Lyon’s Hypothesis, Telomere, Centromere and Genetic Imprinting
Lyon’s Hypothesis, proposed by Mary Lyon in 1961, explains the mechanism of dosage compensation in female mammals. Since females have two X chromosomes and males have one, females would produce twice as much protein from X-linked genes without a regulatory mechanism.
Mechanism
- One of the two X chromosomes in every somatic cell of a female is randomly inactivated during early embryonic development.
- The inactivated X chromosome condenses into a compact structure called a Barr body.
- Once an X chromosome is inactivated in a cell, all its descendant cells maintain the same X as the inactive one.
- This makes normal females functional mosaics for X-linked traits.
Examples
- Calico cats show patchiness in coat color because the genes for orange and black fur are on the X chromosome. Different cell patches express different X chromosomes.
- Anhidrotic ectodermal dysplasia in humans causes patches of skin to lack sweat glands, reflecting the mosaic expression of the mutated gene.
Telomeres
Telomeres are repetitive nucleotide sequences located at the terminal ends of linear chromosomes. They protect the chromosomal ends from deterioration or fusion with neighboring chromosomes.
Biological Role
- Telomeres prevent the loss of essential genetic information during DNA replication.
- The enzyme telomerase adds telomeric repeats to the ends of chromosomes to maintain their length in germ cells and stem cells.
- In most somatic cells, telomerase is inactive, leading to the gradual shortening of telomeres with each cell division.
- Shortening telomeres serve as a biological clock, eventually triggering cellular senescence or apoptosis when they reach a critical minimum length.
Centromeres
The centromere is a specialized region of DNA found on each eukaryotic chromosome. It acts as the primary site for the attachment of spindle fibers during cell division.
Structural Organization
- Centromeres consist of highly repetitive DNA sequences known as satellite DNA.

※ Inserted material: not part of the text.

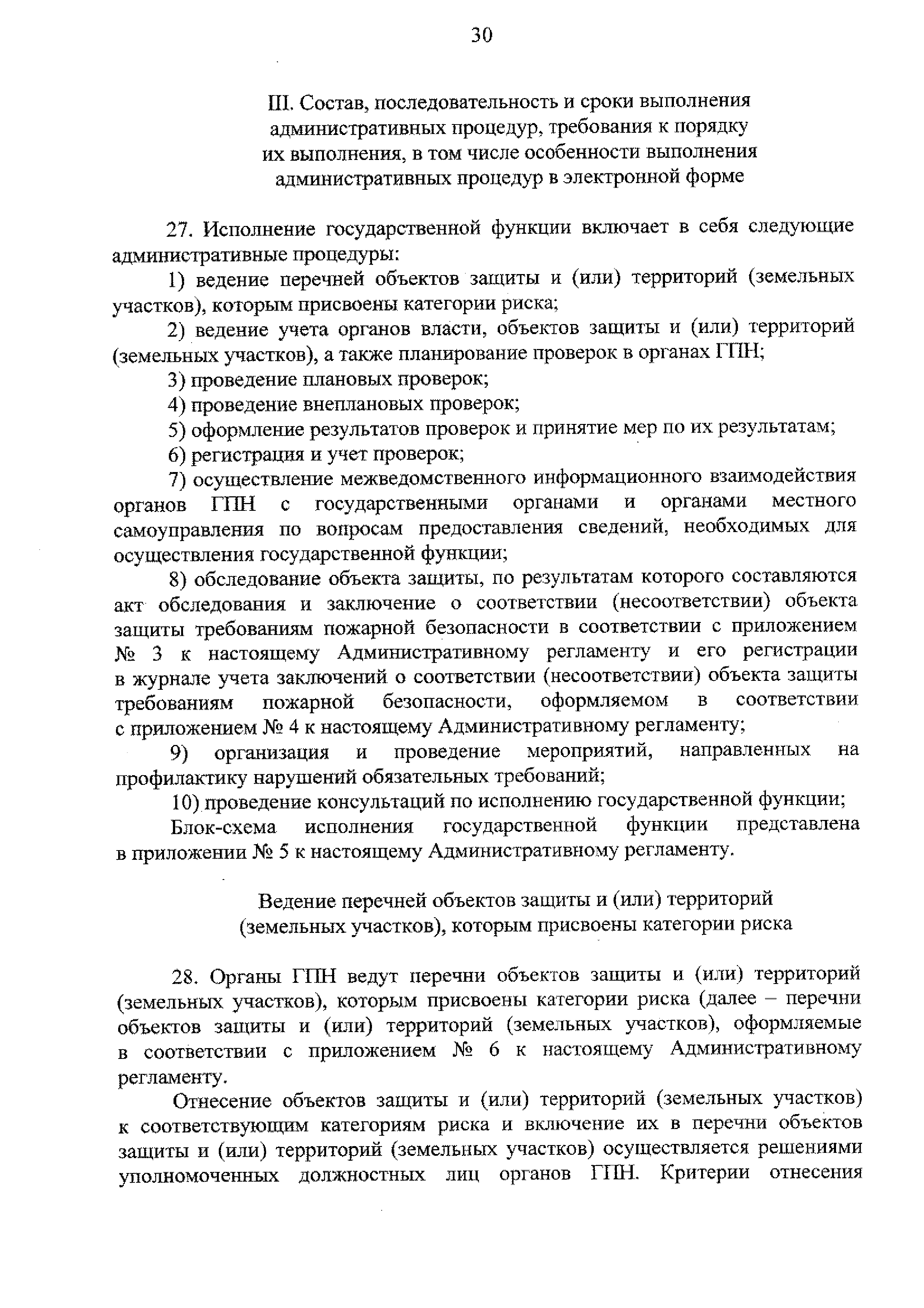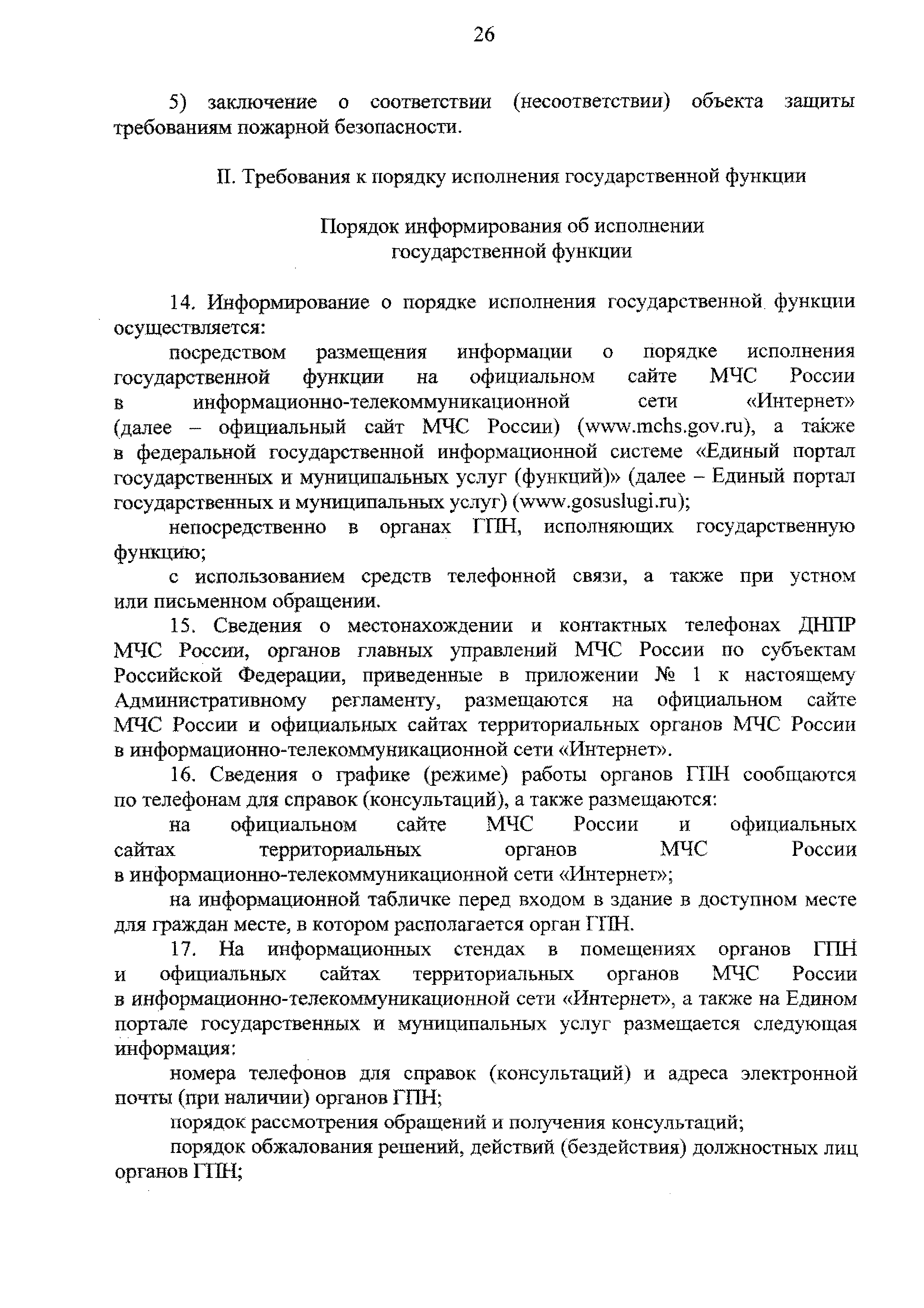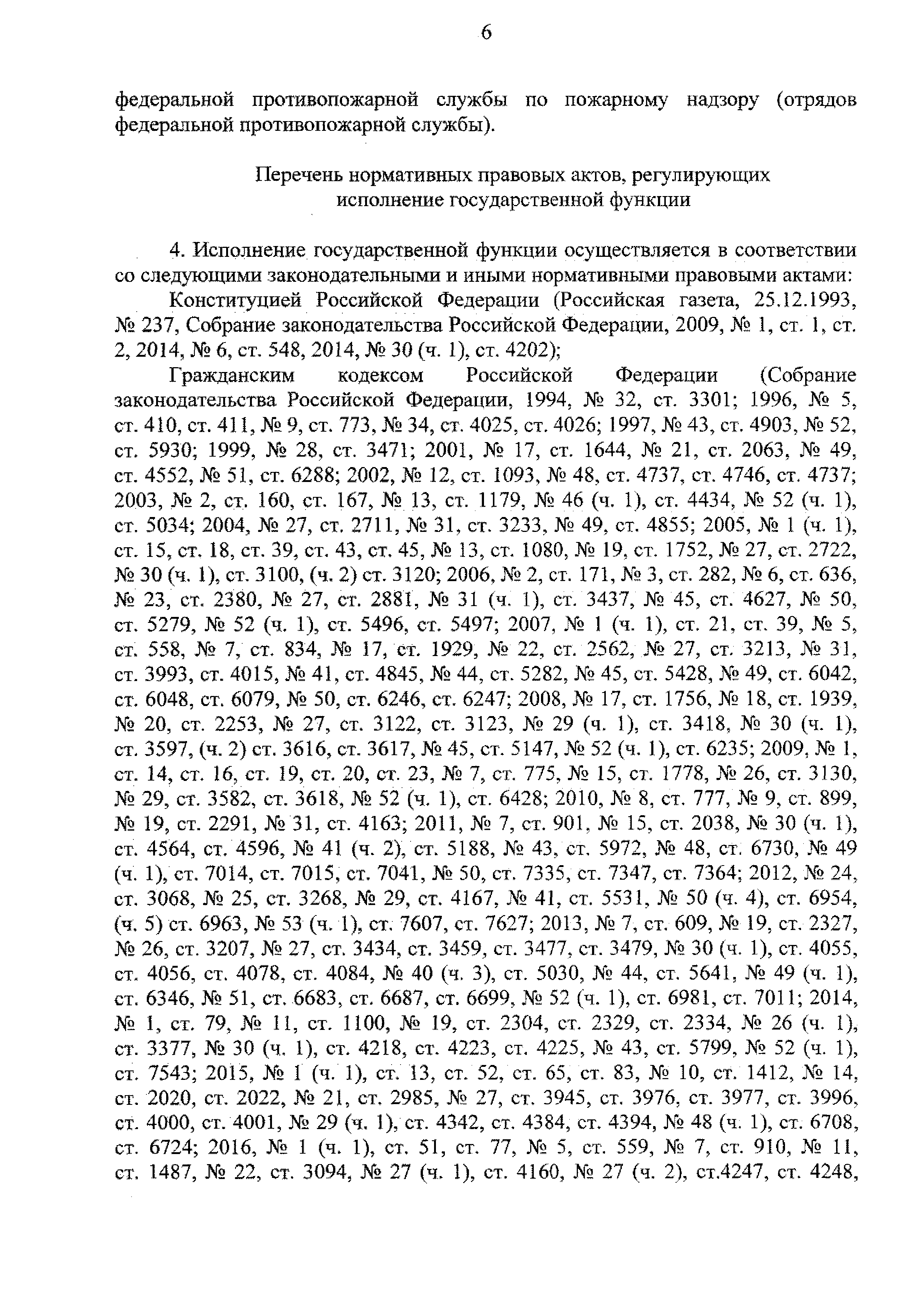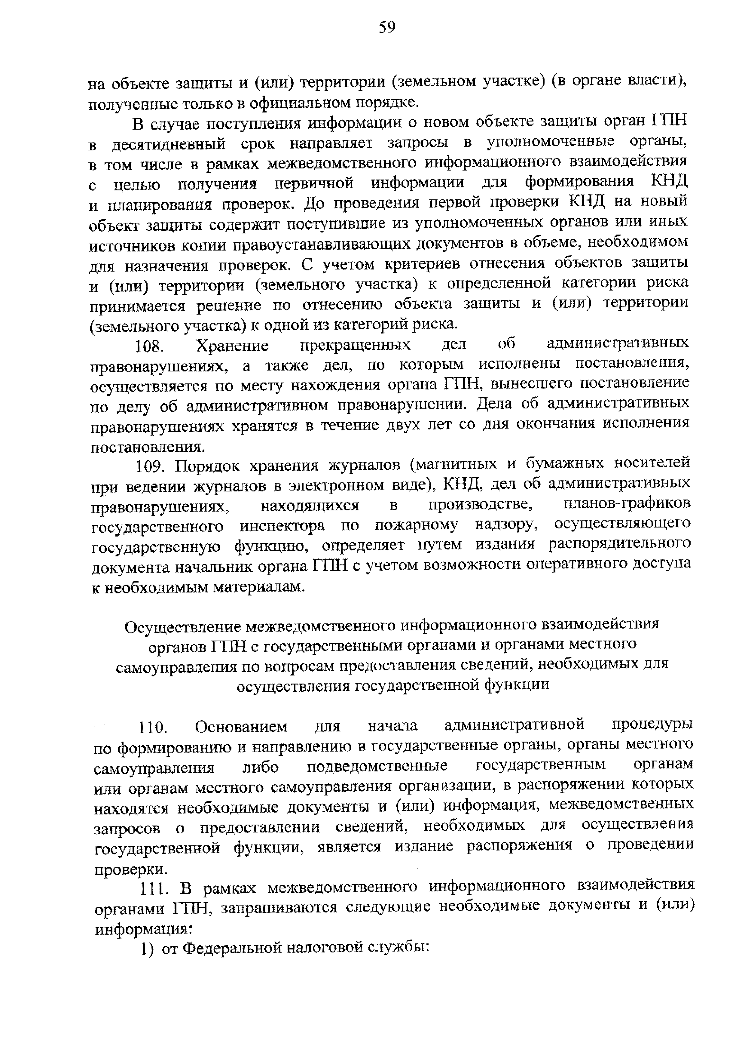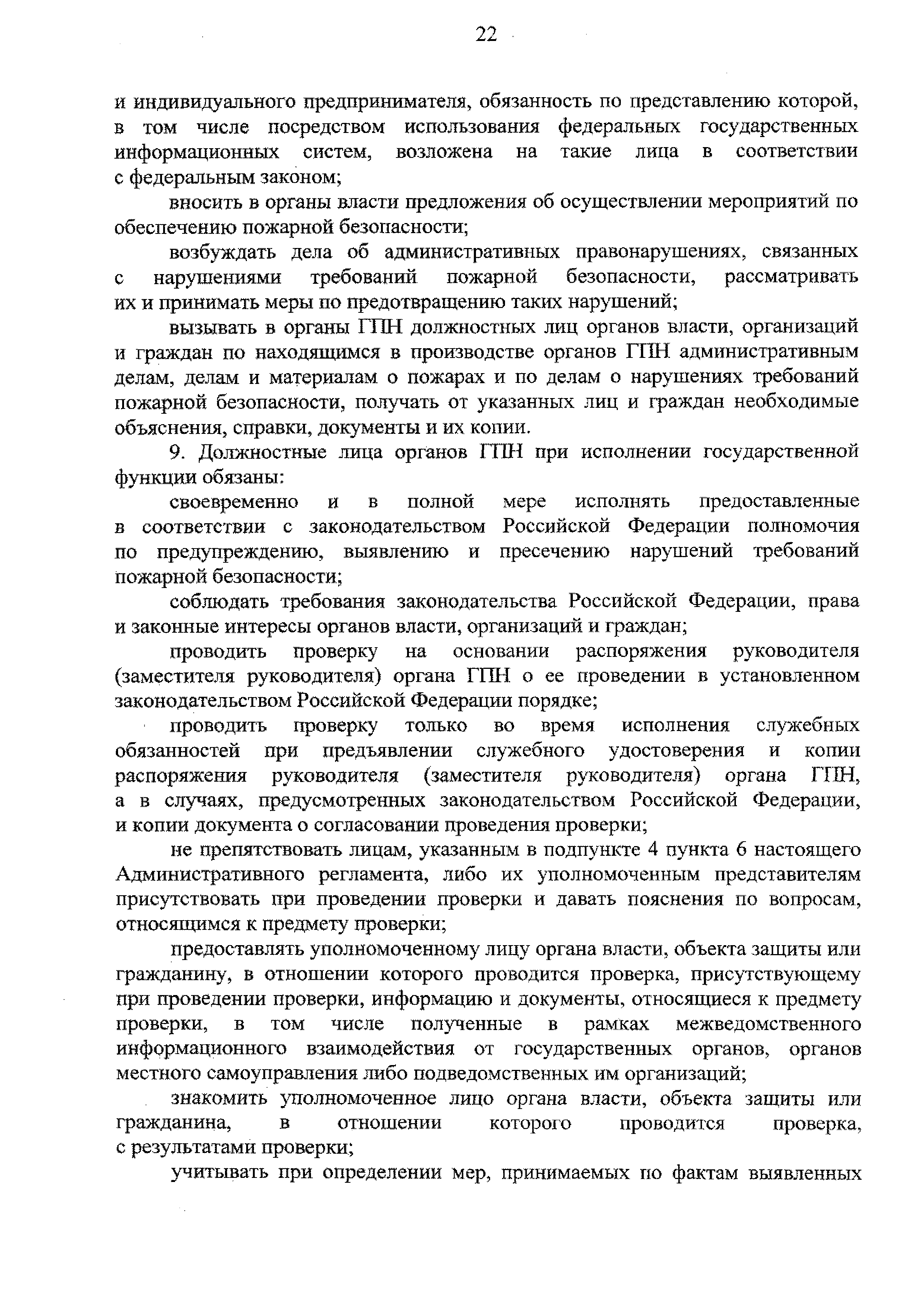 | Оглавление: | I. Общие положения II. Требования к порядку исполнения государственной функции III. Состав, последовательность и сроки выполнения административных процедур, требования к порядку их выполнения, в том числе особенности выполнения административных процедур в электронной форме IV. Порядок и формы контроля за исполнением государственной функции V. Досудебный (внесудебный) порядок обжалования решений и действий (бездействия) органа, исполняющего государственную функцию, а также его должностных лиц Приложение № 1. Сведения о местонахождении и контактных телефонах департамента надзорной деятельности и профилактической работы МЧС России, главных управлений МЧС России по субъектам Российской Федерации Приложение № 2. Учетная карточка консультации гражданина Приложение № 3. Заключение о соответствии (несоответствии) объекта защиты требованиям пожарной безопасности Приложение № 4. Журнал учета выданных заключений о соответствии (несоответствии) объекта защиты требованиям пожарной безопасности Приложение № 5. Блок-схема исполнения государственной функции Приложение № 6. Перечень объектов защиты и (или) территорий (земельных участков), которым присвоена категория риска Приложение № 7. Журнал учета объектов защиты и (или) территорий (земельных участков), органов власти Приложение № 8. Ежегодный план проведения плановых проверок объектов защиты и (или) территорий (земельных участков), правообладателями которых являются граждане, не являющиеся индивидуальными предпринимателями (за исключением объектов защиты - жилых помещений) Приложение № 9. Периодичность осуществления плановых проверок обязательных требований пожарной безопасности в зависимости от категории риска в соответствии с постановлением Правительства Российской Федерации № 806 Приложение № 10. План-график государственного инспектора по пожарному надзору осуществления государственной функции Приложение № 11. Журнал органа ГПН по учету проверок Приложение № 12. Блок-схема проведения административной процедуры плановой (внеплановой) проверки Приложение № 13. Контрольно-наблюдательное дело о противопожарном состоянии объекта защиты и (или) территории (земельного участка), (органа власти) Приложение № 14. Журнал учета дел об административных правонарушениях и представлений об устранении причин и условий, способствовавших совершению административного правонарушения Приложение № 15. Предостережение о недопустимости нарушения обязательных требований |

- The kinetochore, a protein complex, assembles on the centromere during mitosis and meiosis.
- Spindle microtubules attach to the kinetochore to pull sister chromatids apart to opposite poles of the dividing cell.
- Centromere position is used to classify chromosomes:
- Metacentric: Centromere is at the center.
- Submetacentric: Centromere is slightly off-center.
- Acrocentric: Centromere is near the end.
- Telocentric: Centromere is at the extreme end (absent in humans).
Genetic Imprinting
Genetic imprinting is an epigenetic phenomenon where the expression of a gene depends on which parent provided the allele. Unlike standard Mendelian inheritance, only one allele is active, while the other is silenced.
Key Characteristics
- Silencing is achieved through chemical modifications, primarily DNA methylation, without altering the underlying DNA sequence.
- Imprints are reset during gametogenesis in every generation.
- Disruption of imprinting leads to specific developmental disorders.
Clinical Examples
- Prader-Willi Syndrome: Results from the loss of paternally expressed genes on chromosome 15.
- Angelman Syndrome: Results from the loss of maternally expressed genes on the same region of chromosome 15.
Comparison Table of Genetic Concepts
| Concept | Primary Function | Mechanism |
| Lyon’s Hypothesis | Dosage compensation | X-chromosome silencing |
| Telomere | Chromosome stability | Repetitive DNA ends |
| Centromere | Chromosome segregation | Kinetochore assembly |
| Genetic Imprinting | Parent-of-origin expression | DNA methylation |
Genetic Facts and Trivia
- A Barr body is visible as a dark-staining mass at the periphery of the nucleus in interphase cells of females. Males with Klinefelter syndrome (47,XXY) possess one Barr body because they have two X chromosomes.
- Telomere length is linked to the aging process and life span. Rapid telomere shortening is often observed in premature aging conditions known as progeria. Cancer cells often reactivate telomerase to achieve immortality, allowing them to divide indefinitely.
- The centromeric DNA of humans contains Alpha-satellite sequences, which are 171-base pair repeats. These sequences are essential for proper kinetochore formation and preventing chromosome nondisjunction, which causes aneuploidy.
Genomic imprinting contradicts the Law of Segregation, as the phenotype depends on the sex of the parent transmitting the gene. There are approximately 100 to 200 known imprinted genes in the human genome, many of which regulate fetal growth and metabolism.